The representer theorem states that, if $\H$ is an RKHS of reproducing kernel $K$ and $\Omega : \R^+\rightarrow \R^+$ is a strictly increasing function, then the solution to the problem above is of the form $$ f = \sum_{i=1}^N \alpha_i K( \g x_i, \cdot) $$ with $\alpha_i\in\R$ and the $\g x_i$'s corresponding to the points in the training set (those involved in $R_{emp}$).

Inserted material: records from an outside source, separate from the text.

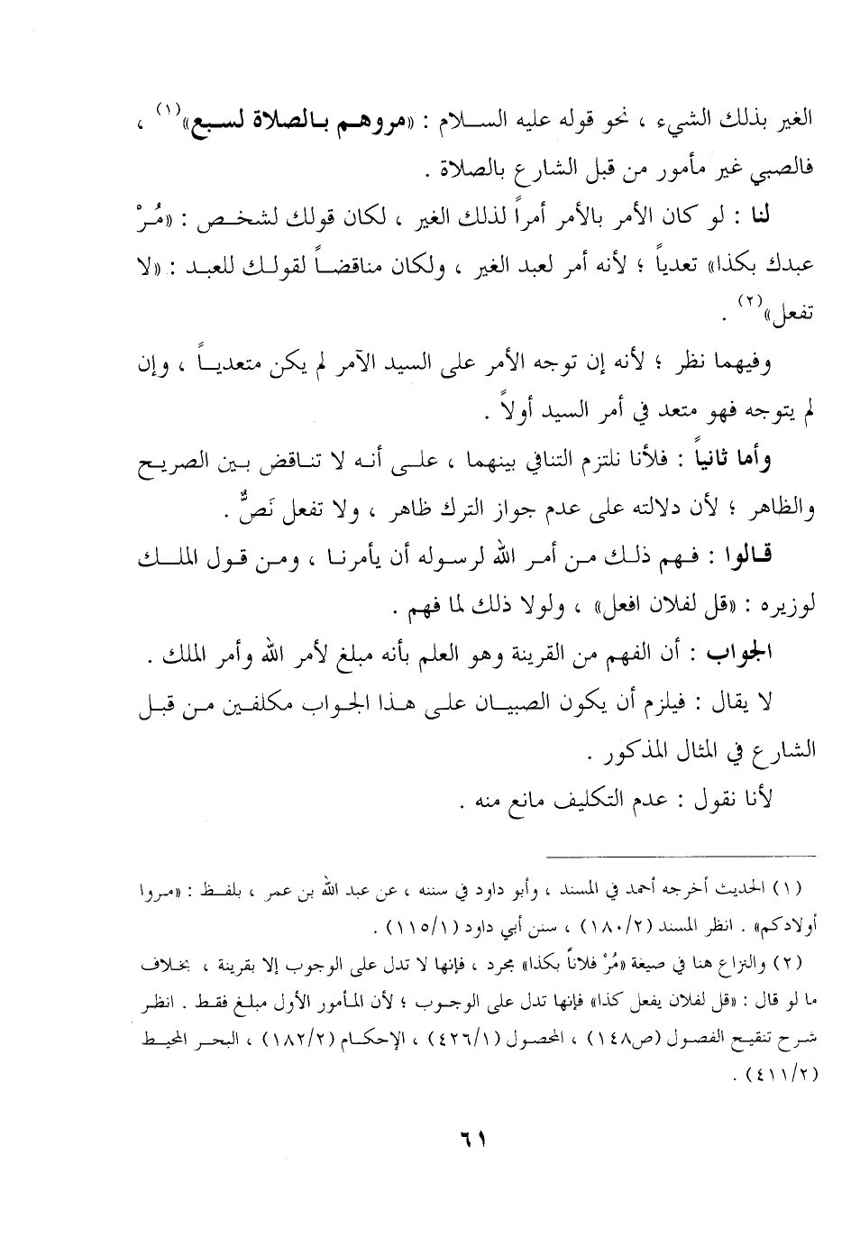 الغير بذلك الشيء, نحو قوله عليه السلام: «مروهم بالصلاة لسبع» , فالصبي غير مأمور من قبل الشارع بالصلاة.
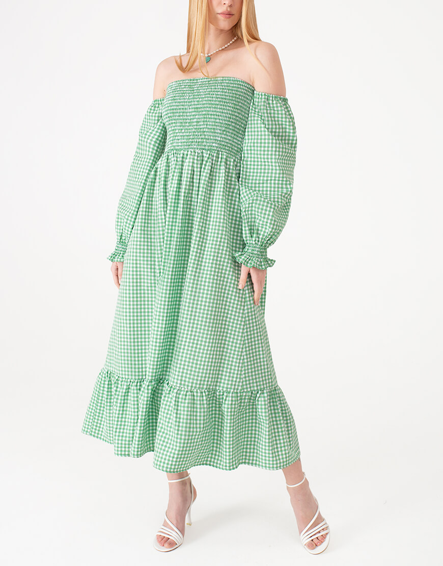 Доставка впродовж 2-5 робочих днівКокетлива та жіночна сукня з об’ємними рукавами. Відмінно поєднується з будь-яким взуттям: каблук або плоский хід – вибір за Вами!
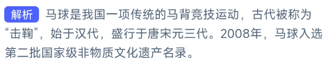 解析:馬球在唐宋元三個朝代較為盛行,到清朝時期逐漸衰退,主要在軍隊和宮廷貴族中流行。目前關(guān)于馬球的起源尚無確鑿證據(jù),但根據(jù)我國文獻記載,馬球運動應(yīng)為本土傳統(tǒng)運動而非外來。2008年6月7日,馬球被國務(wù)院批準(zhǔn)列入第二批國家級非物質(zhì)文化遺產(chǎn)名錄。
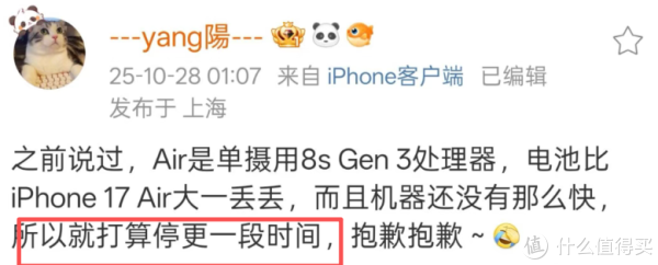 有透露,魅族Air是后置单摄方案,搭载的是骁龙8s Gen3处理器,电池比iPhone 17 Air大一丢丢。”
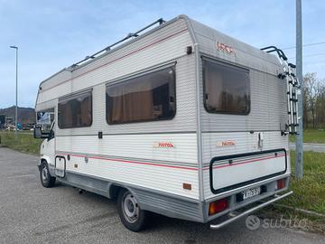 Vendo camper mansardato Arca Freccia 400 su base Fiat Ducato 2.5 del 1992 con 157.000km Omologato 5 posti Revisione valida fino a ottobre 2026 Tagliando, 4 ammortizzatori nuovi e verifica generale della meccanica eseguiti da pochi km Servosterzo e vetri elettrici Gomme al 70% Cellula abitativa in ordine con interni originali e in ottime condizioni. Nessuna infiltrazione. Sedile passeggero con base girevole. Pavimento in PVC appena rifatto. Impianto elettrico in perfetta efficienza e dotato di pannello solare. Compresi oscuranti termici e teli isolanti per gli oblò. Antenna TV e televisore presenti. WC nautico, tendalino esterno ampio, tutte le utenze acqua, riscaldamento e gas funzionanti. Frigorifero trivalente. Presenti alcuni accessori e ricambi. Vendo per cambio tipologa.. PREZZO TRATTABILE
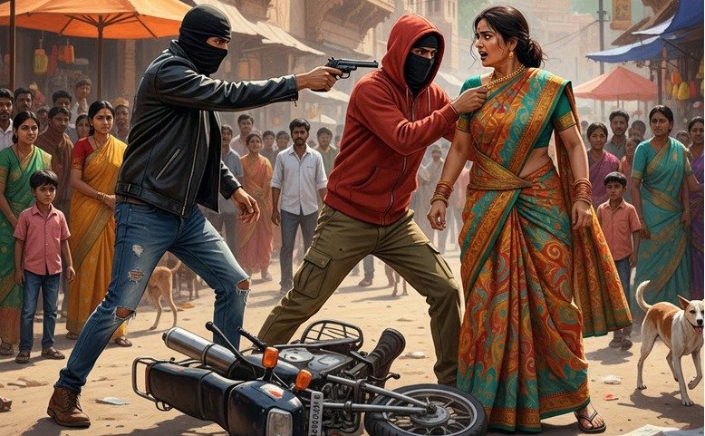 अपराधियों ने चलते-चलते महिला की सोने की चेन झपट ली और तेजी से भागने की कोशिश की। अचानक हुए इस हमले से महिला सड़क पर गिर पड़ी, लेकिन उसने हिम्मत नहीं हारी। उसने पीछे बैठे अपराधी को पकड़ लिया, जिससे संतुलन बिगड़ने के कारण बाइक सवार दोनों अपराधी सड़क पर गिर पड़े।

Proof: Let define the subspace induced by the images of the training points in $\H$, $$ \mathcal{S} = Span\left( \{K(\g x_i,\cdot)\}_{i=1}^N \right) , $$ and its orthogonal complement $$ \mathcal{S}^{\perp} = \left\{v \in \H\ :\ \inner{u}{v}_{\H} = 0,\ \forall u \in \mathcal{S} \right\} . $$ Since $\H$ is a Hilbert space, any function $f\in \H$ can be decomposed into a part in $\mathcal{S}$ and a part which is orthogonal to it, i.e., $$ f=u+v, \quad \mbox{ with } u\in\mathcal{S} \ \mbox{ and }\ v\in\mathcal{S}^\perp. $$ For all $\g x_i$'s in the training set, we can compute \begin{align*} f(\g x_i) &= \inner{K(\g x_i, \cdot)}{f}_{\H} & (\mbox{due to the reproducing property of } K ) \\ &= \inner{K(\g x_i, \cdot)}{ u + v}_{\H} \\ &= \inner{K(\g x_i, \cdot)}{ u }_{\H} + \inner{K(\g x_i, \cdot)}{ v}_{\H} & (\mbox{due to the distributivity of the inner product } ) \\ &= \inner{K(\g x_i, \cdot)}{ u}_{\H} & \left(\mbox{due to } K(\g x_i, \cdot)\in\mathcal{S} \mbox{ and } v\in\mathcal{S}^\perp \ \Rightarrow\ \inner{K(\g x_i, \cdot)}{ v}_{\H} =0 \right)\\ & = u(\g x_i) & (\mbox{due to the reproducing property of } K) . \end{align*} As a consequence, the output of $f$ at any training point does not depend on $v$ and neither does the empirical risk: $$ R_{emp}(f) = R_{emp}(u). $$
On the other hand, we have \begin{align*} \|f\|_{\H} &= \|u+v\|_{\H} \\ &= \sqrt{\inner{u+v}{u+v}_{\H} } \\ &= \sqrt{\inner{u}{u}_{H} + \inner{v}{v}_{\H} + 2\inner{u}{v}_{\H} } \\ &= \sqrt{\|u\|_{\H}^2 + \|v\|_{\H}^2 + 2\inner{u}{v}_{\H}} \\ &= \sqrt{\|u\|_{\H}^2 + \|v\|_{\H}^2 } & \left(\mbox{due to } u\in\mathcal{S} \mbox{ and } v\in\mathcal{S}^\perp \ \Rightarrow\ \inner{u}{ v}_{\H} =0 \right). \end{align*} Thus, we obtain that \begin{align*} v\neq 0 \quad \Rightarrow\quad \|v\|_{\H} > 0 &\quad \Rightarrow\quad \|f\|_{\H} > \|u\|_{\H} \\ &\quad \Rightarrow\quad \Omega(\|f\|_{\H}) > \Omega(\|u\|_{\H})& (\Omega \mbox{ is strictly increasing} ). \end{align*} Therefore, for any $f = u+v$ with $v\neq 0$, there is a function $f^* = u\in \mathcal{S}$ with same empirical risk but smaller norm, i.e., a function leading to a lower value of the objective function. Conversely, $f$ cannot be a minimizer unless its part in $\mathcal{S}^\perp$ is null, i.e., unless it belongs to $\mathcal{S}$.